The sub-data.frames defined by the by
input parameter can be thought of as logical indexing:
d.f <- data.frame(rating = c("AAA", "A", "A", "AAA", "BB", "BB", "AAA", "A")) i <- 1 by <- d.f$rating sub.data.frame <- d.f[by == unique(by)[i], ]
and do this for every i
between 1 and length(unique(by))
. Note that the by
variable doesn’t have to agree with one (or more) column of the data.frame
but could be anything. Hence, one can reproduce the aggregate
functionality by a for
cycle running the cycle variable over the unique values of the variable passed as by
and an sapply
applying the function passed as FUN
to each column of the data.frame
sub.data.frame. Such a workaround however would be very difficult to document, as it would be unclear what (and why) this code is actually doing.
Aggregate
always returns a data.frame
as a result. This data.frame
will contain the (now unique) values from the input parameter by
as the first column and then columns containing the results of the call to the function in the FUN
parameter applied to the parts of the columns of the inputted data.frame
. It is interesting to note that if the function FUN
returns multiple values, the class of the columns of the result data.frame
will be list
or something a list
can be cast to (see the last example below).
It is important to note that the function call is applied to nameless vectors rather than named columns of a data.frame
and hence referring to the names of the data.frame
will not work, nor will column references such as s.d.f[,1]
.
Basic Examples
The most basic uses of aggregate involve base functions such as mean
and sd
. It is indeed one of the most common uses of aggregate
to compare the mean or other properties of sample groups.
Recently I reproduced calculations from an Excel sheet. Most formulae were subtotals and grand totals. The Excel sheet was not very comfortably organized for this purpose: sums over rows, columns and totals of those sums were used. In R, I have changed the data to a star schema representation (when all metadata are represented row-wise and every value gets its own row) using reshape2
package and melt
then used aggregate
along different variables to get the different totals. The less variables you use in by
the more aggregated the end-result: the grand total along a dimension is simply using that dimension as “by”, while subtotals can be achieved using multiple variables as by
. The FUN
in this case was of course sum
.
One handy use of aggregate and a base function is getting the number of appearances of the various values:
values <- data.frame(value = c("a", "a", "a", "a", "a", "b", "b", "b", "c", "c", "c", "c")) nr.of.appearances <- aggregate(x = values, by = list(unique.values = values$value), FUN = length)

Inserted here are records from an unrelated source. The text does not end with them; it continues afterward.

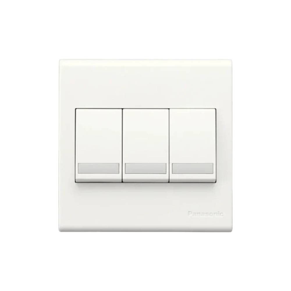 مفتاح ثلاثي من Panasonic مصمم للتحكم بثلاثة دوائر كهربائية من نقطة واحدة، يتحمّل تيارًا حتى 16 أمبير. يتميز بتصميم عريض يسهل الضغط ومواد عالية الجودة مقاومة للاشتعال والتآكل، ما يوفر أداءً آمنًا ومستقرًا لعمر افتراضي طويل.
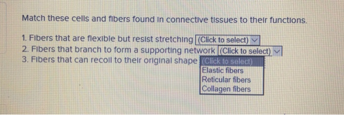 Fibers that branch to form a supporting network Click to select M 3. Elastic fiber contains the protein elastin along with lesser amounts of other proteins and glycoproteins. Strech easily and are resilient.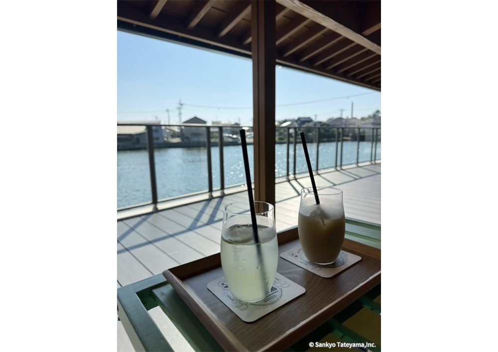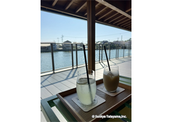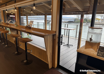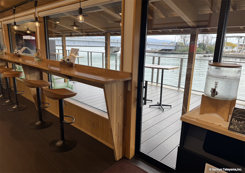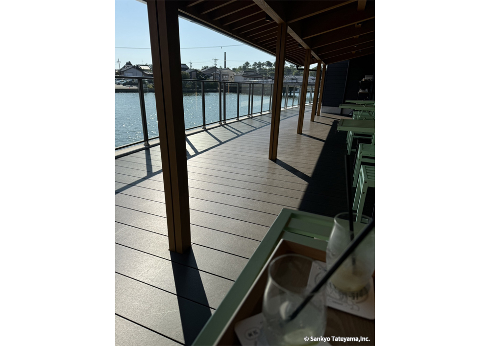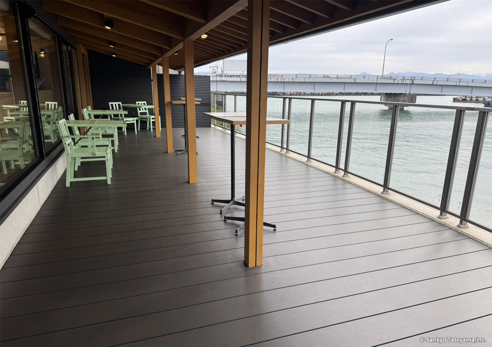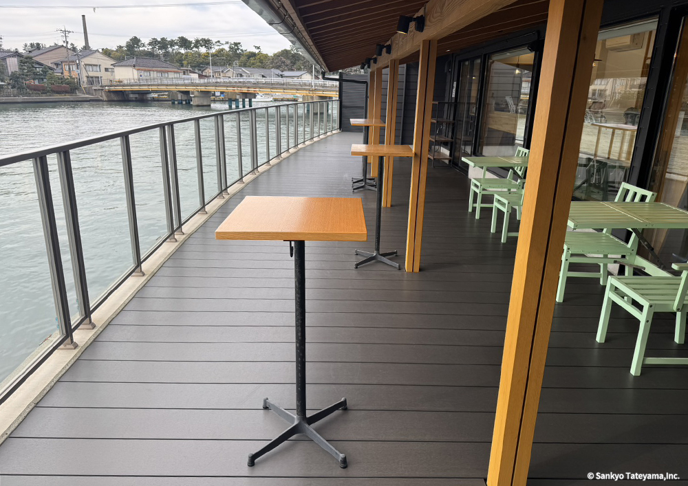 金沢市の海に近い河口に面して、歴史ある地に古い施設を活かしながら、食を伝え体験ができる施設の新たな店舗展開である。水辺の豊かな景観を活かして、目一杯その空気感と光と香りを取り入れながら、楽しむカフェ時間は、どれほど豊かに感じることだろう。しっかり出した庇で直射日光は遮蔽しながら、広く水際にひかれたヴィラウッドがその反射光を、優しく温かく室内空間に届ける役割を持つ。耐久性を持ちながらも歴史ある地域景観に限りなく馴染むデッキとなっている。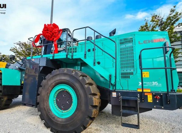 本次發布的另一款明星產品——LEH120混合動力輪式裝載機,作為首款12噸級混動機型,實力同樣亮眼。機身采用高強度箱型前后車架結構,抗沖擊耐高載,不僅擁有優異的燃油效率,還搭載可穩定保持高效轉速的發動機,搭配先進液壓系統,實現高效作業循環。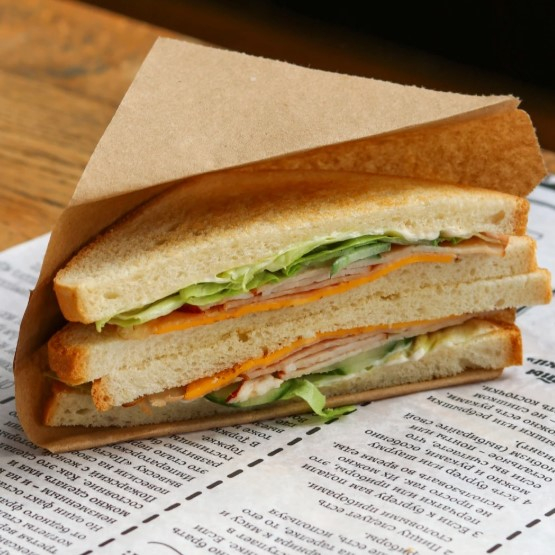 Заказать Обжаренный хлеб для тостов с ветчиной и сыром Чеддер. Добавляется салат айсберг, огурец, соус чесночный.

My favourite use of aggregate with a base function is getting the last day of each month in a series of dates. To do so, one can use the following code (assuming your dates are stored in a “YYYY-MM-DD” format as strings or as Date
):
dates <- data.frame(date = as.Date("2001-01-01", format = "%Y-%m-%d") + 0:729) dates date 1 2001-01-01 2 2001-01-02 3 2001-01-03 4 2001-01-04 ..... last.day <- aggregate(x = dates["date"], by = list(month = substr(dates$date, 1, 7)), FUN = max) last.day month date 1 2001-01 2001-01-31 2 2001-02 2001-02-28 3 2001-03 2001-03-31 4 2001-04 2001-04-30 .....
This came in very handy when working with banking information where the last day of the month depended on banking holidays as well as weekends.
Advanced Uses
More advanced uses of aggregate
depend on writing your own function
, e.g. anonymous functions passed on as the FUN
parameter. To do so, one can use the syntax
# do not run the syntax aggregate(x = d.f, by = by.list, FUN = function(s.d.f){y <- s.d.f; return(y)}
The possible uses range from calling complex portfolio risk metrics for the homogeneous risk groups of a portfolio via fitting a distribution to categories of samples to anything you can image, really.
Here is an example with a “complex” portfolio risk metric (exposure to different counterparties in different asset classes):
assets <- data.frame(asset.class = c("equity", "equity","equity", "option","option","option", "bond", "bond"), rating = c("AAA", "A", "A", "AAA", "BB", "BB", "AAA", "A"), counterparty.a = c(runif(3), rnorm(5)), counterparty.b = c(runif(3), rnorm(5)), counterparty.c = c(runif(3), rnorm(5))) assets asset.class rating counterparty.a counterparty.b counterparty.c 1 equity AAA 0.9026004 0.6029417 0.8629453 2 equity A 0.8834034 0.5809589 0.4654721 3 equity A 0.1007586 0.9368537 0.3090811 4 option AAA -1.0508915 0.7171532 0.2224984 .....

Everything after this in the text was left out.